• **ASSIGNMENT**
Each record that follows should be duplicated exactly, except for its pictures.

┌──

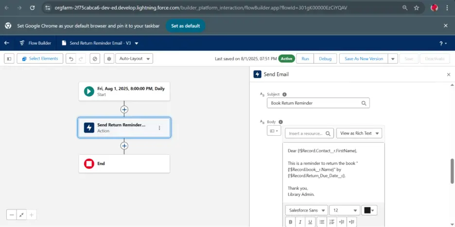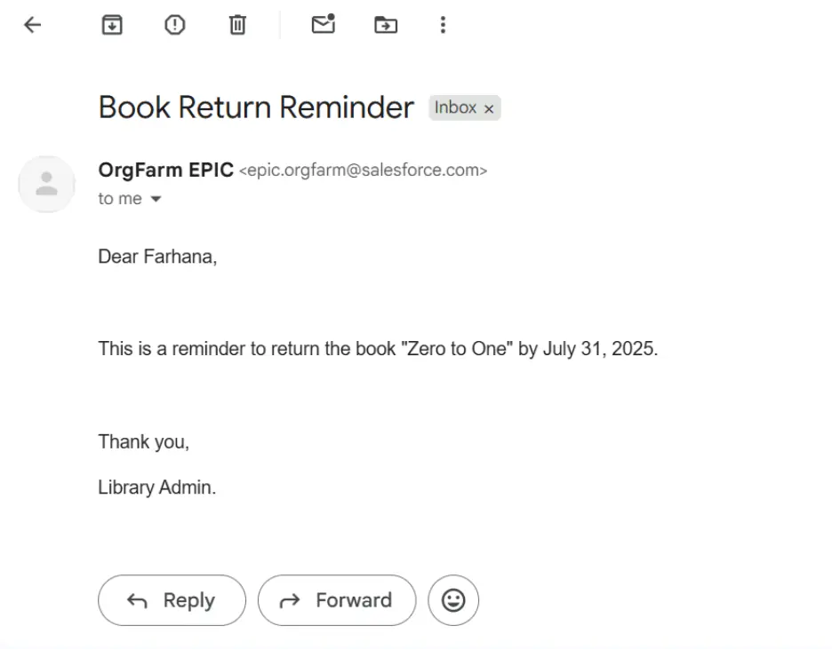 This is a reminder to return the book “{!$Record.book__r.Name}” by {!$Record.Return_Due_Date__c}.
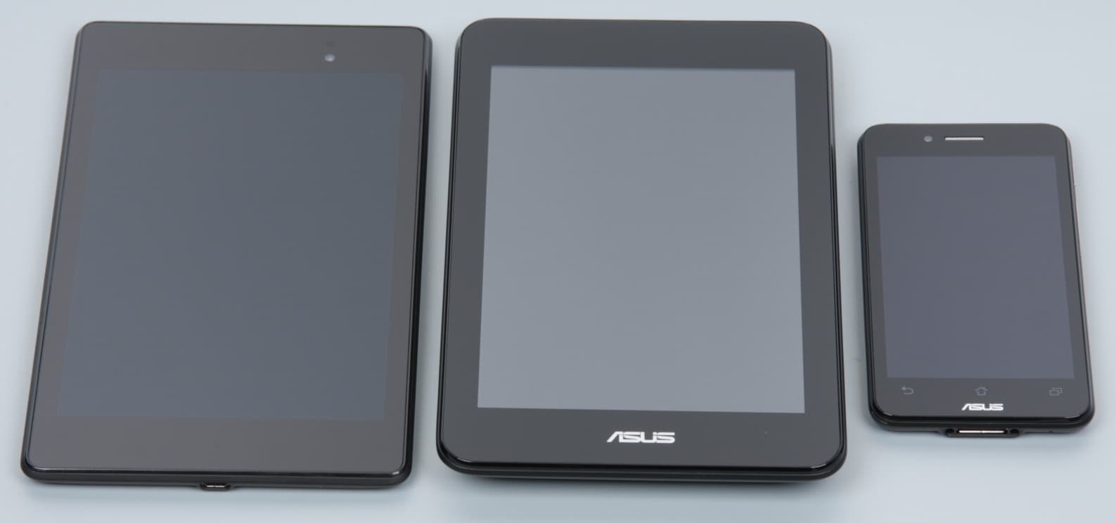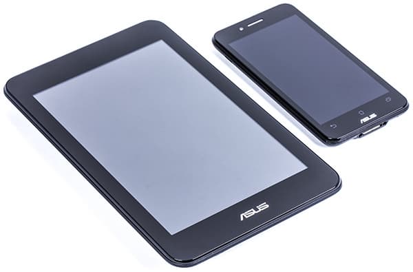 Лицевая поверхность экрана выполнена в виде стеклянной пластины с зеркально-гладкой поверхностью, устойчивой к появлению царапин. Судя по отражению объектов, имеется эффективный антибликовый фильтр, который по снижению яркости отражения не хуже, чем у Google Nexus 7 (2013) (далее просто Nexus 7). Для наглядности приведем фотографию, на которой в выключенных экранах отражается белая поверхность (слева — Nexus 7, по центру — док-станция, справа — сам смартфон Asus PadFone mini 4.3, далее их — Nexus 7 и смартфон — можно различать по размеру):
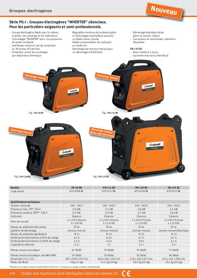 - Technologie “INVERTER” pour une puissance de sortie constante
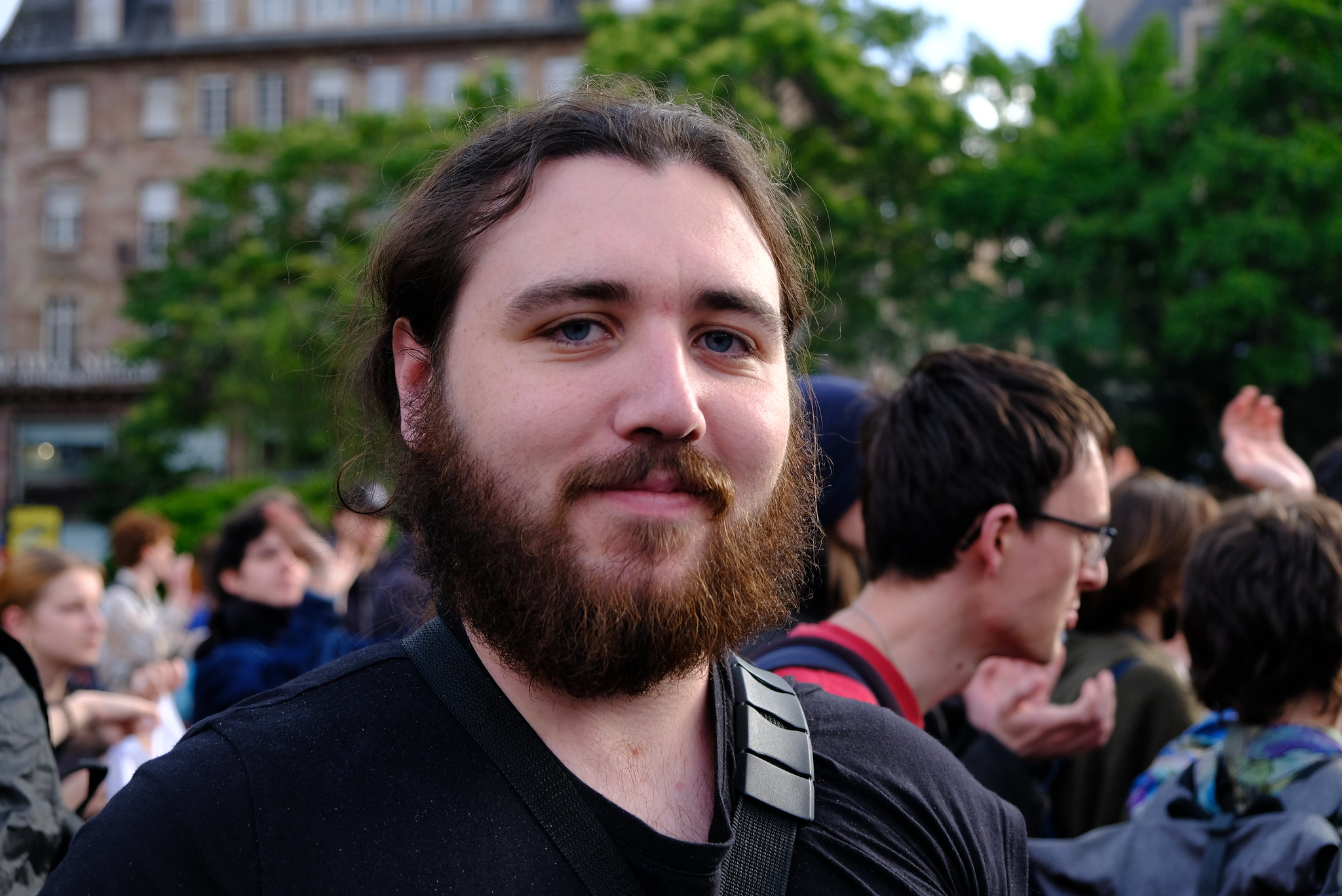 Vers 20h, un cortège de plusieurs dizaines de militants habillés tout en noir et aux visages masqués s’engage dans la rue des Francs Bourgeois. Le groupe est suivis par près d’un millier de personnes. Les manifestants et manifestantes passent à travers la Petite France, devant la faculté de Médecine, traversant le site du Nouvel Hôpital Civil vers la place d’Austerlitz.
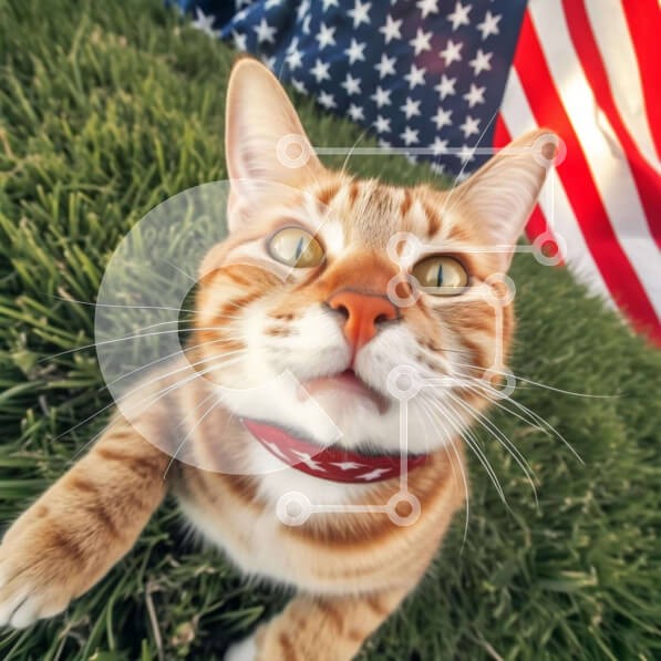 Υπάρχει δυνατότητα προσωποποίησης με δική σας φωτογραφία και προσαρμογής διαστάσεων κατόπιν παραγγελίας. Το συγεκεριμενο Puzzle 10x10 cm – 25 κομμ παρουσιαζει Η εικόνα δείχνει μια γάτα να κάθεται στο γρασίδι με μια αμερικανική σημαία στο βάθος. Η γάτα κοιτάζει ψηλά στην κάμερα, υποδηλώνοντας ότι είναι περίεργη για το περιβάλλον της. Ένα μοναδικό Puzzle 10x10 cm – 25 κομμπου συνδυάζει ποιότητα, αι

└──

• **TASK RESULT**
 This is a reminder to return the book “{!$Record.book__r.Name}” by {!$Record.Return_Due_Date__c}.
 Лицевая поверхность экрана выполнена в виде стеклянной пластины с зеркально-гладкой поверхностью, устойчивой к появлению царапин. Судя по отражению объектов, имеется эффективный антибликовый фильтр, который по снижению яркости отражения не хуже, чем у Google Nexus 7 (2013) (далее просто Nexus 7). Для наглядности приведем фотографию, на которой в выключенных экранах отражается белая поверхность (слева — Nexus 7, по центру — док-станция, справа — сам смартфон Asus PadFone mini 4.3, далее их — Nexus 7 и смартфон — можно различать по размеру):
 - Technologie “INVERTER” pour une puissance de sortie constante
 Vers 20h, un cortège de plusieurs dizaines de militants habillés tout en noir et aux visages masqués s’engage dans la rue des Francs Bourgeois. Le groupe est suivis par près d’un millier de personnes. Les manifestants et manifestantes passent à travers la Petite France, devant la faculté de Médecine, traversant le site du Nouvel Hôpital Civil vers la place d’Austerlitz.
 Υπάρχει δυνατότητα προσωποποίησης με δική σας φωτογραφία και προσαρμογής διαστάσεων κατόπιν παραγγελίας. Το συγεκεριμενο Puzzle 10x10 cm – 25 κομμ παρουσιαζει Η εικόνα δείχνει μια γάτα να κάθεται στο γρασίδι με μια αμερικανική σημαία στο βάθος. Η γάτα κοιτάζει ψηλά στην κάμερα, υποδηλώνοντας ότι είναι περίεργη για το περιβάλλον της. Ένα μοναδικό Puzzle 10x10 cm – 25 κομμπου συνδυάζει ποιότητα, αι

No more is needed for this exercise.